■ WHAT THE TASK ASKS:
In the data below, find the line containing "Collection du greffe."; transcribe it and each line after it exactly, through the last, skipping pictures.

■ DATA EXCERPT:
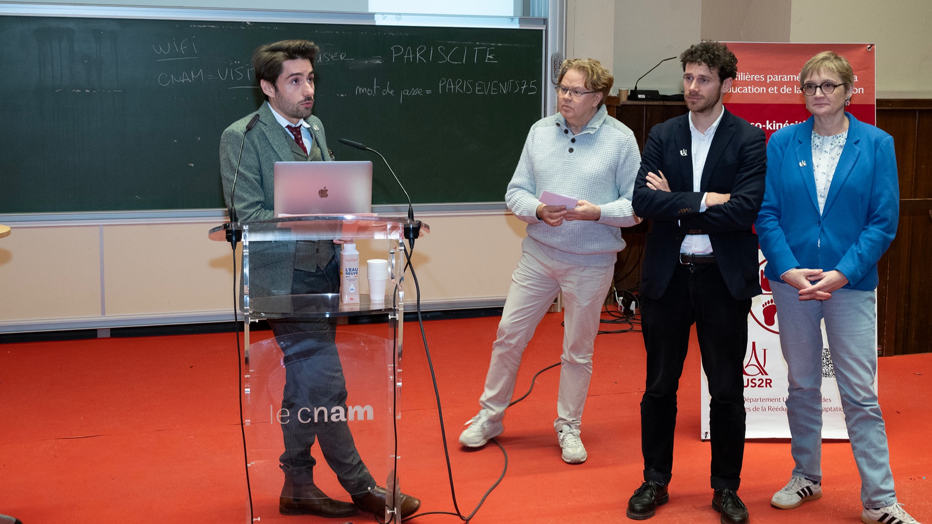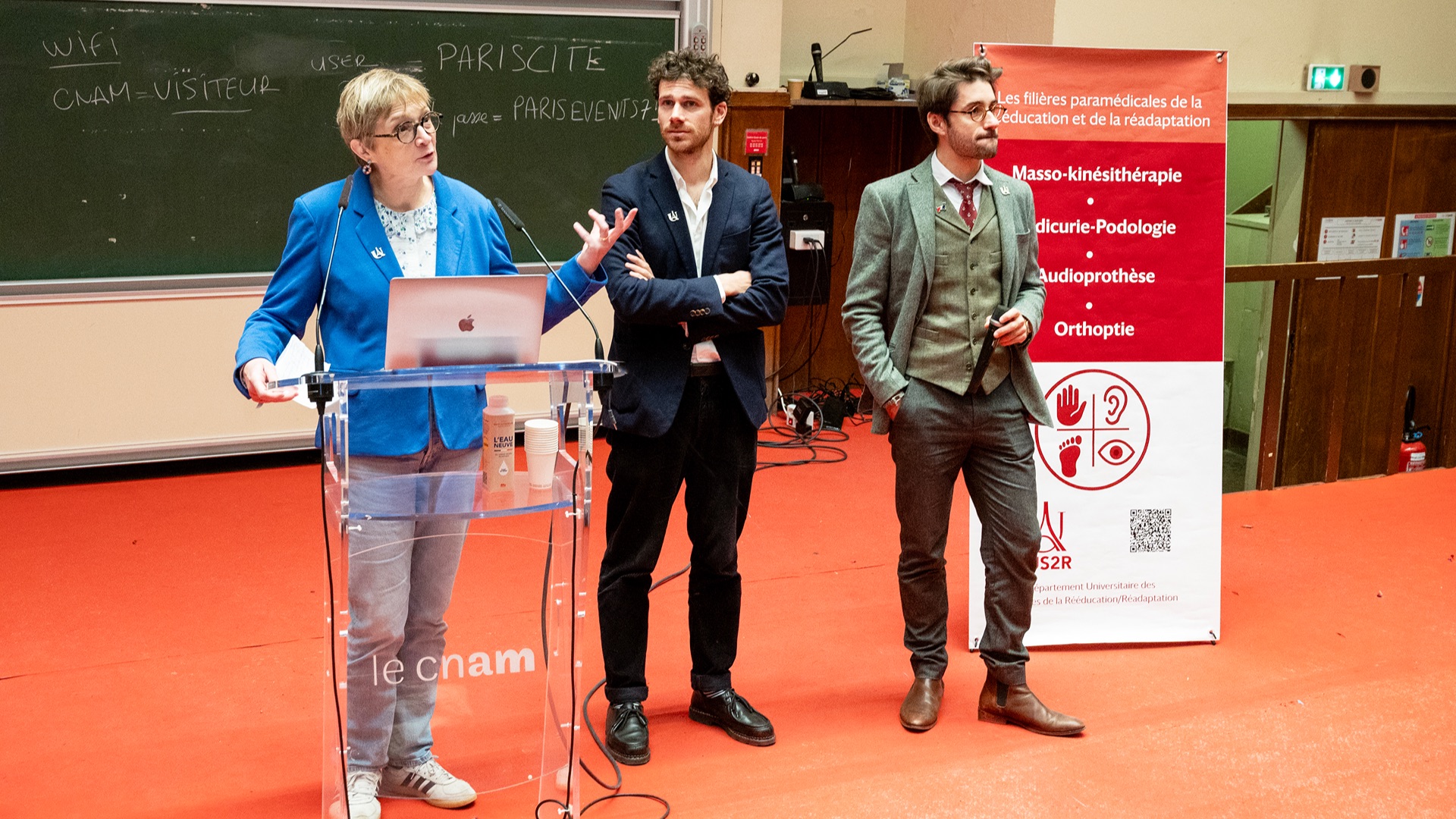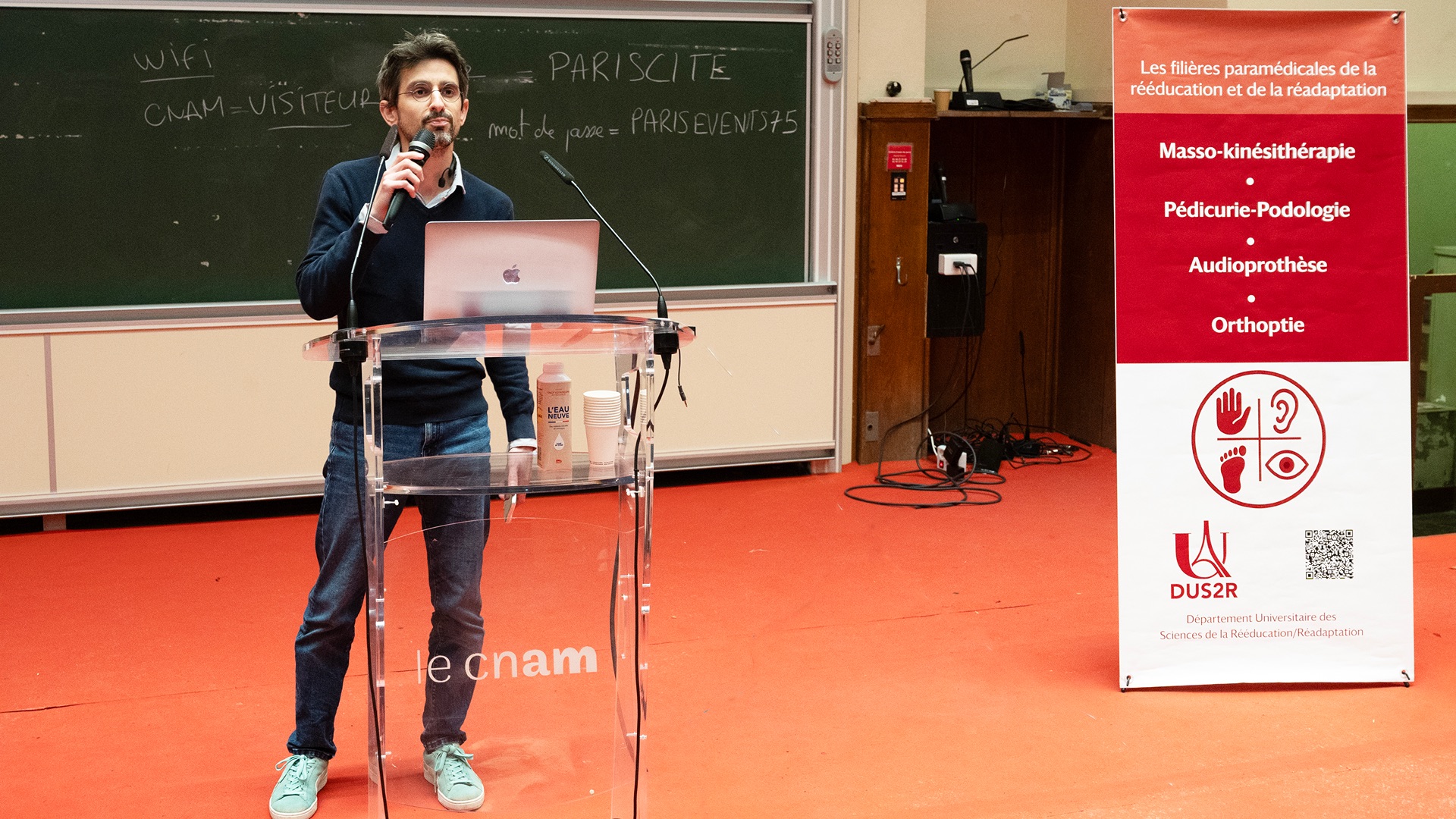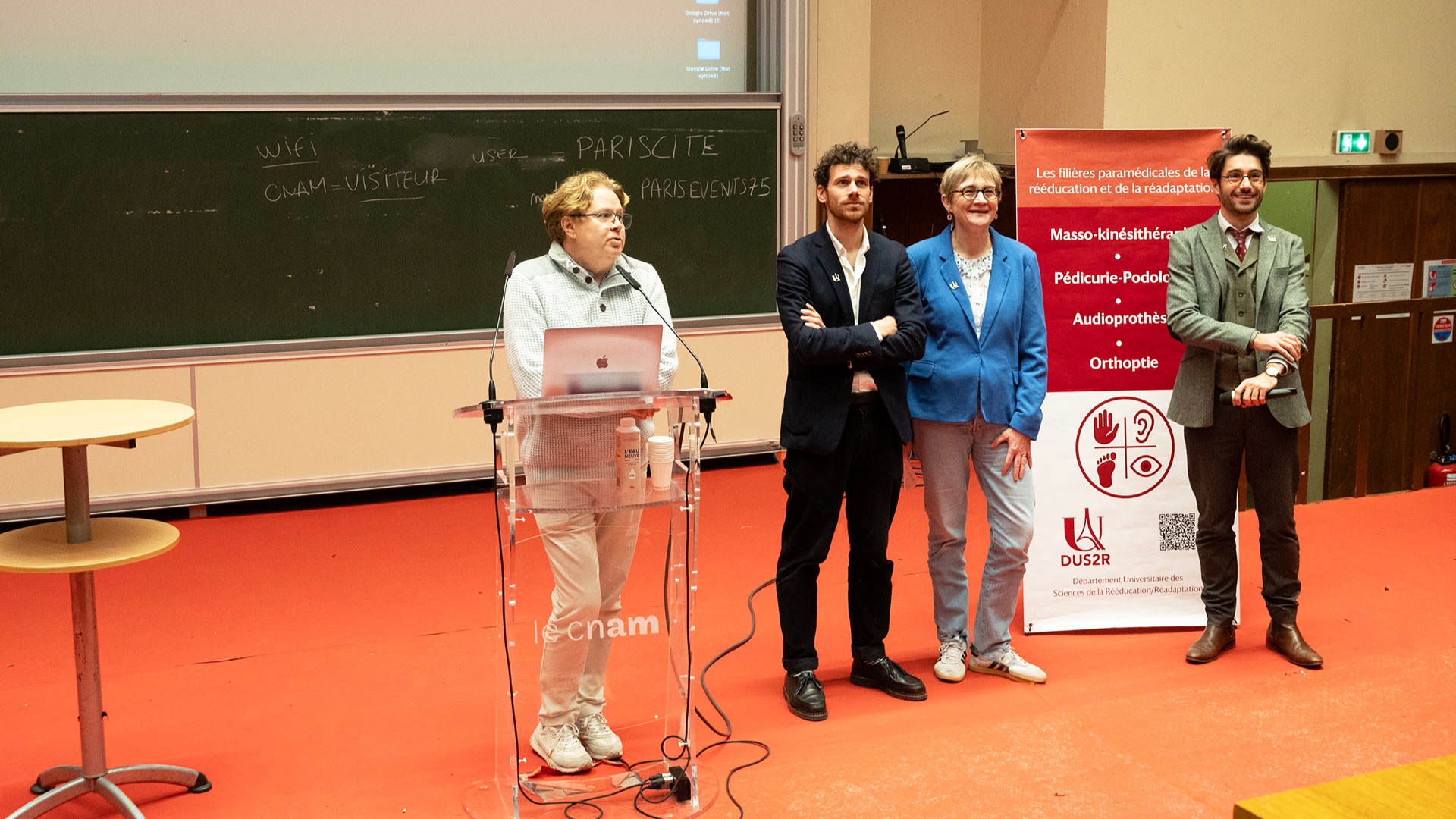 Le Département Universitaire de Sciences de la Rééducation et de la Réadaptation (DUS2R) de la Faculté de Santé a organisé, le mardi 18 novembre 2025 dans les locaux du CNAM, son troisième séminaire scientifique. Celui-ci a été riche en échanges et en valorisation des travaux étudiants et enseignants- chercheurs confirmés. L’événement a réuni la communauté pédagogique et scientifique autour de grands champs de la recherche intéressant spécifiquement les 4 formations du DUS2R : masso-kinésithérapie, pédicurie-podologie, orthoptie et audioprothèse.
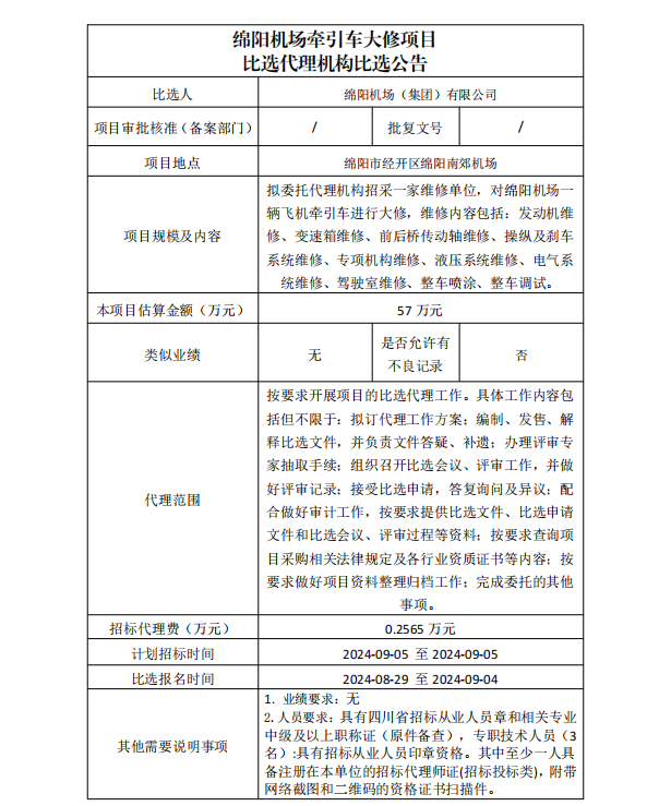 綿陽機場牽引車大修項目比選代理機構比選公告
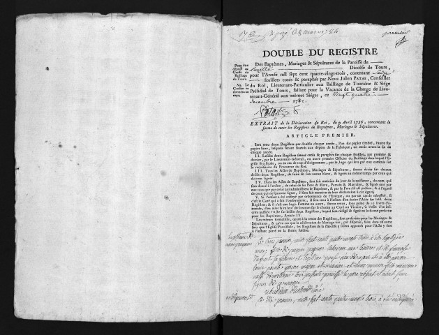 Collection du greffe. Baptêmes, mariages, sépultures, 1783
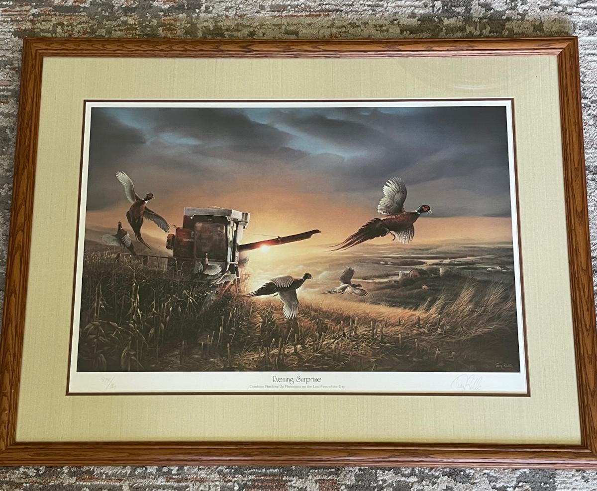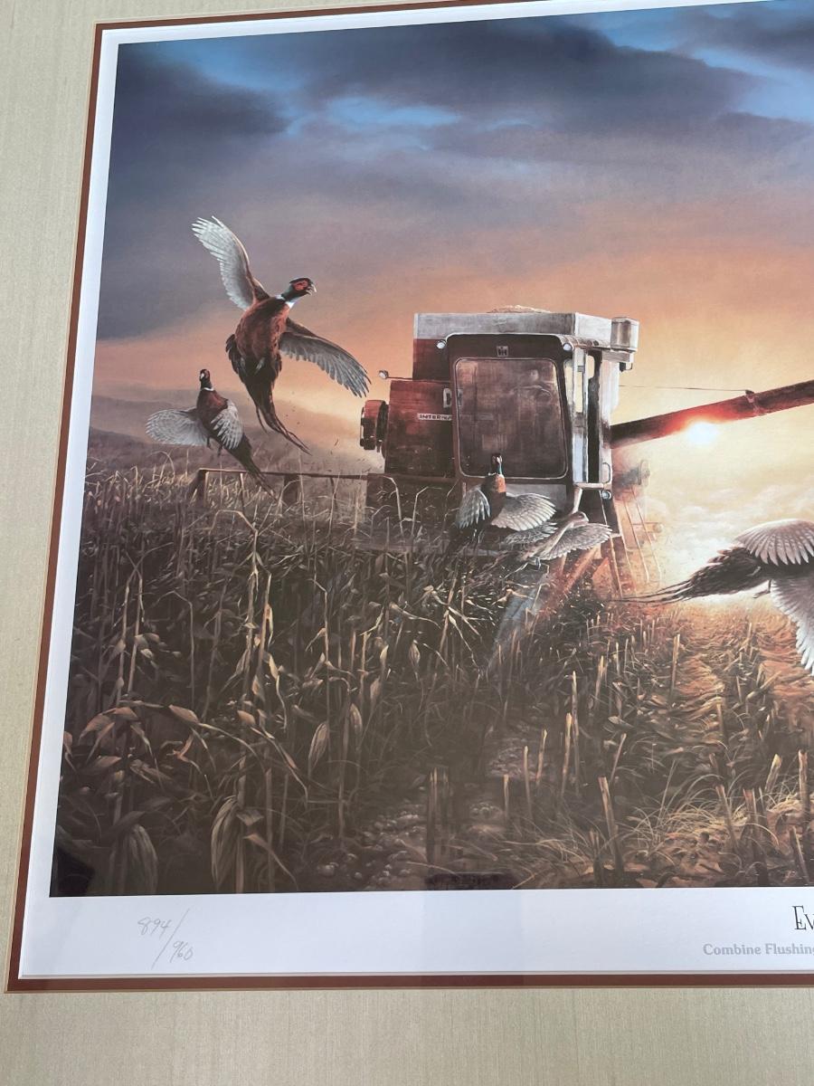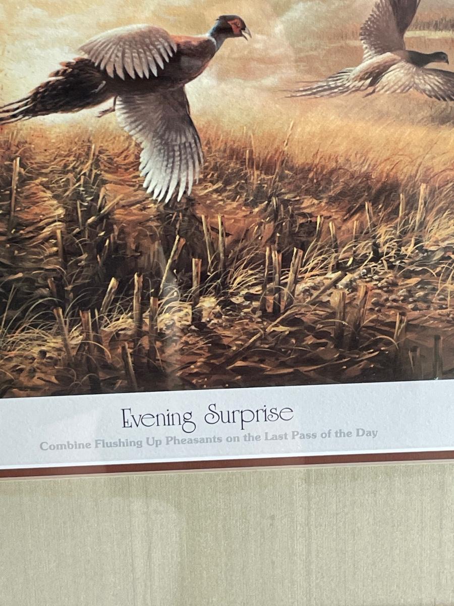 “Combine Flushing Up Pheasants on the Last Pass of the Day”. Professionally matted and framed. 26” high by 34” wide.

■ SOLUTION TO THIS PROBLEM:
 Collection du greffe. Baptêmes, mariages, sépultures, 1783
 “Combine Flushing Up Pheasants on the Last Pass of the Day”. Professionally matted and framed. 26” high by 34” wide.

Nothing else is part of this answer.